I remembered the video was an ACE driver or an M1 with a dozer blade, but yeah, it beats grenading and bayoneting them like some guys had to do. Granted, it might not matter much for the M1 since it has the Special Armor in the prow, but it is serious for a BMP, BTR, BMD, or T-72/-80/-90. So I do think Russia's emphasis on fire support for their tanks during trench assaults is more because their vehicles are thinly armored than anything else, tbh.
You'd have a fat minute and change to get in there and crush the other guys, with a tank that pulls M4 Sherman-like mobility and weighs near a hundred tons, at least these days. Good news is they probably won't have either PF98s or RPG-29s, bad news is you're slow so someone who does have it might get a shot off.
But anyway yes, digging deep is more important now than ever. Foxholes will have to be built like pillboxes or something equally silly, and tanks will wear hats to hide from the drones. They already do in Ukraine. That will be the case, at least until people can get a grapple on the drone situation, and figure out when and if they are being observed passively.
There are some weird things, like quantum radar principles, that can be used to determine if your radar is being sniffed out by REC, for instance. Presumably similar things could be done with visual information, since there are incredible tricks of light that can be done,
like imaging reconnaissance done through miles-thick clouds based on a photon bouncing off a person. The weirder quantum stuff is done with photon entanglement, while classic (non-quantum) is done with coded lasers. I don't know if this could be applied in reverse, but the Chinese are super interested in quantum entanglement systems for visual reconnaissance, so that might be a exploitable weakness in future multi- and hyperspectral observation equipment.
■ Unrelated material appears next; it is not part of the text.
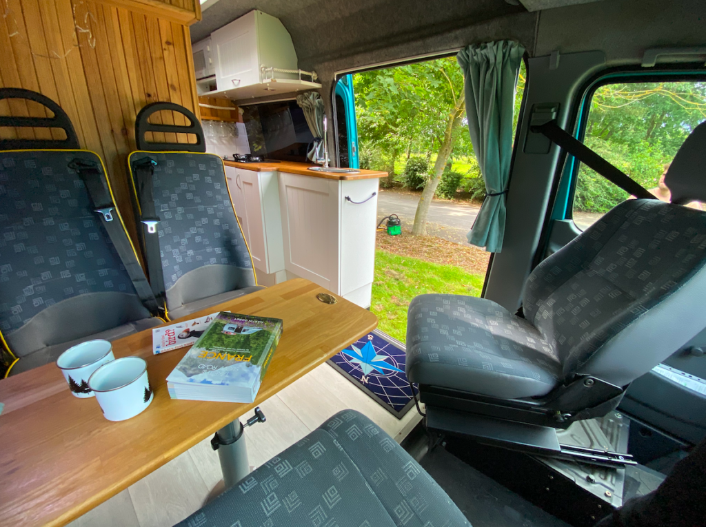 – Both front seats swivel to make 4 seater dining area around the oak table which can be adjustable if needed. All 4 seats are fitted with seat belts.

Something like that, or something like a very powerful satellite constellation that can see little tactical drones (they are growing metal, if only from mortar bombs) could help. Would probably need to be routed through a Tac Air Ops Center or whatever the AF calls it. Or maybe a more powerful version of the PSS-7 that can sniff out datalinks from a drone, tied to a C-UAS mount on a gun carrier or a trailer. Won't work if they use highly directional commos or SHF SATCOMs but whatever.
My point was more movement can be done only when not under observation, and as it stands a lot of guys won't know if they're under observation or not until the WLRs call incoming mortars, or until the shells start landing if they're in a bad place, and either way it's not a good place to be in. It's why trenches with thick dugouts and heavy reinforcement are a necessity in Ukraine, and will probably be a necessity in WW3, as armies will chew up their best stuff first, and start using stockpiles and older kit as it drags on.
No one really has the industry or economic potential anymore to drag out a WW2 style industrial war, except maybe the Chinese, tbh.